Collecting Performance Data
      An application like PerfMon requests performance information by making registry calls. To collect performance information, the requesting application must first call RegQueryValueEx as follows:


 // Allocate the buffer.
 AllocSize = BufferSize;  // initial allocation size
 
 PerfData = (PPERF_DATA_BLOCK) malloc( AllocSize );
 while(RegQueryValueEx(HKEY_PERFORMANCE_DATA,
                       "Global",
                       NULL,
                       NULL,
                       (LPBYTE) PerData,
                       &BufferSize)==ERROR_MORE_DATA){
     // Get a Buffer that is big enough.
     //increment the allocation size
     AllocSize+=BYTEINCREMENT; 
     PerfData=(PPERF_DATA_BLOCK)realloc(PerfData,   
                                        AllocSize );
     //tell RQVex how big the buffer is 
     BufferSize = AllocSize;
 }
 //because RegQueryValueEx modifies the
 //data in BufferSize, reset it to the
 //proper value for the buffer size
 BufferSize = AllocSize;
 .
 .
 .
      To repeatedly request performance information, just keep calling RegQueryValueEx. The "Global" in the call to RegQueryValueEx tells the system that you want performance information returned for all components in the system. This can be a lot of information; if you want a small subset of the available information, simply replace "Global" with a set of object numbers. For example, if you want the performance information for the System and Memory objects, you would pass a string of "2 4" to RegQueryValueEx. You always pass object numbers to RegQueryValueEx, and the corresponding DLL always returns all the counter and instance information associated with the specified object.
      If an application wants to request performance information from a remote computer, all it has to do is call RegConnect- Registry before entering the while loop.

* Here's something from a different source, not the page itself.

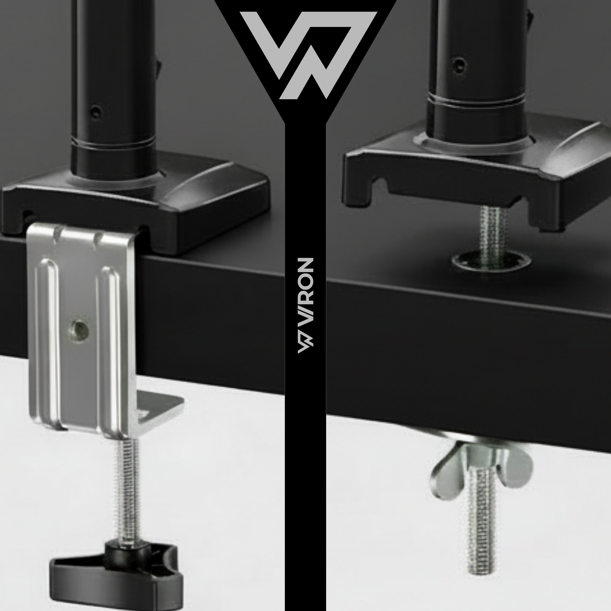 Uchwyt VIRON HX-S oferuje pełną elastyczność montażu. W zestawie znajdziesz akcesoria do instalacji za pomocą zacisku krawędziowego (bez wiercenia) oraz poprzez otwór w blacie. Dzięki temu dopasujesz go do każdego rodzaju biurka biurowego.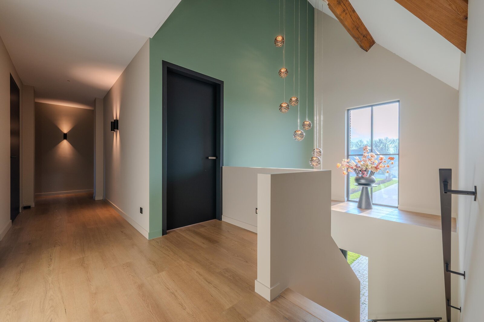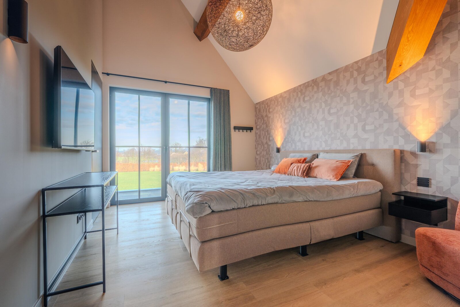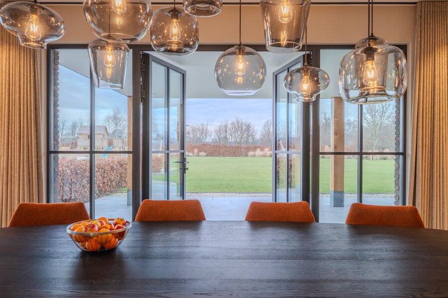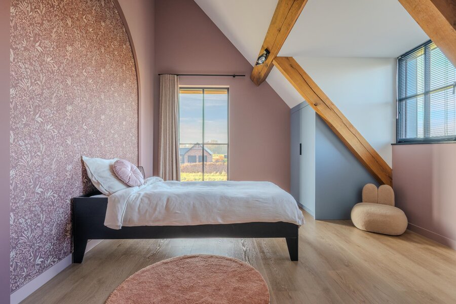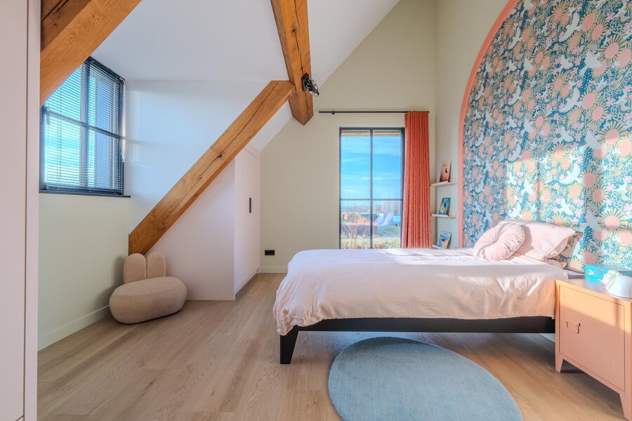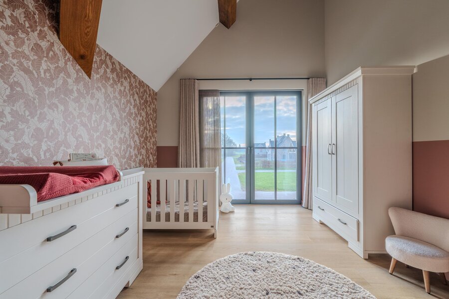 Op de eerste verdieping bevinden zich de riante ouderslaapkamer, drie comfortabele kinderslaapkamers, twee luxe badkamers en een separaat toilet. De hoge ruimtes met houten balken zorgen voor een warme en sfeervolle uitstraling. Juist deze combinatie maakt de villa zo bijzonder: modern en luxueus, met tegelijkertijd een subtiele landelijke charme. In het weekend extra lang uitslapen? Met één druk op de knop sluiten de screens en creëer je moeiteloos rust en privacy.

 RegConnectRegistry("\\\\RemoteMachineName",
                    HKEY_PERFORMANCE_DATA, &hkeyPerf);
If you're not going to make any more requests of performance information, you should close the registry with the following call:

 RegCloseKey(hkeyPerf);
Make this call even though you never call RegOpenKeyEx to explicitly open this key. And don't close the key after every call to RegQueryValueEx because it'll degrade performance severely. It is best to just close it once, usually just before your application terminates.
      When PerfMon (or any application) calls RegQueryValueEx to request performance information, the system looks in the target machine's HKEY_LOCAL_MACHINE\SYSTEM\CurrentControlSet\ Services subkey. For each entry that contains a Performance subkey, the system loads the specified DLL. If this is the first time the DLL is loaded, the DLL's Open function is called.
      Once loaded and initialized, the system calls each DLL's Collect function. This gives the DLL the chance to load the memory buffer with its performance information. The Collect function must look like this:

 DWORD __declspec(dllexport) WINAPI Collect(
     LPWSTR lpValueName, LPVOID* lppData, 
    LPDWORD lpcbTotalBytes, LPDWORD lpNumObjectTypes) {
 
    // Collect the performance data
    return(ERROR_SUCCESS);   // or ERROR_MORE_DATA if  
                             // buffer is too small
 }
The first parameter, lpValueName, is a Unicode string that is the same value that was passed to RegQueryValueEx. If this string is "Global," then the Collect function must return all of the performance information that it is responsible for. If the string contains a set of space-delimited numbers, then the DLL must determine if the Objects that it offers information about was requested and, if so, return only this information.
      The lppData parameter is a pointer to a memory address. On input to this function, *lppData points to the memory buffer where the DLL should write its information. Before returning from this function, the *lppData should be updated so that it points to the memory address immediately following the new data that was placed into the buffer. The next performance DLL will append its data starting at this new address.
      The lpcbTotalBytes parameter is a pointer to a DWORD that indicates the size of the buffer. On input, *lpcbTotalBytes indicates the number of bytes that are available in the buffer for your DLL to add its information. After placing your information in the buffer, set *lpcbTotalBytes to the total number of bytes that your DLL added to the buffer. When Collect returns, the system will subtract this value from the remaining buffer size and pass this new number to the next performance DLL.
      The lpNumObjectTypes parameter also points to a DWORD, but this DWORD means nothing on input to the Collect function. A single Collect function can return performance information for several objects. Before Collect returns, *lpNumObjectTypes should be set to the number of objects whose performance information was added to the data buffer.
      If, for example, your Collect function is called and the lpValueName parameter doesn't indicate any of the Objects your DLL is responsible for, your Collect function should leave *lppData unchanged, set *lpcbTotalBytes and *lpNumObjectTypes to 0, and return ERROR_SUCCESS.
      If your Collect function is called and the lpValueName parameter indicates objects that your DLL is responsible for, but determines that the data buffer is too small for the amount of data you need to return, you should leave *ppbData unchanged, set *lpcbTotalBytes and *lpNumObjectTypes to 0, and return ERROR_MORE_DATA.
      If your Collect function does successfully append information to the buffer, then it adds the number of bytes appended to *ppbData, sets *lpcbTotalBytes to the number of bytes appended, sets *lpNumObjectTypes to the number of objects added, and returns ERROR_SUCCESS.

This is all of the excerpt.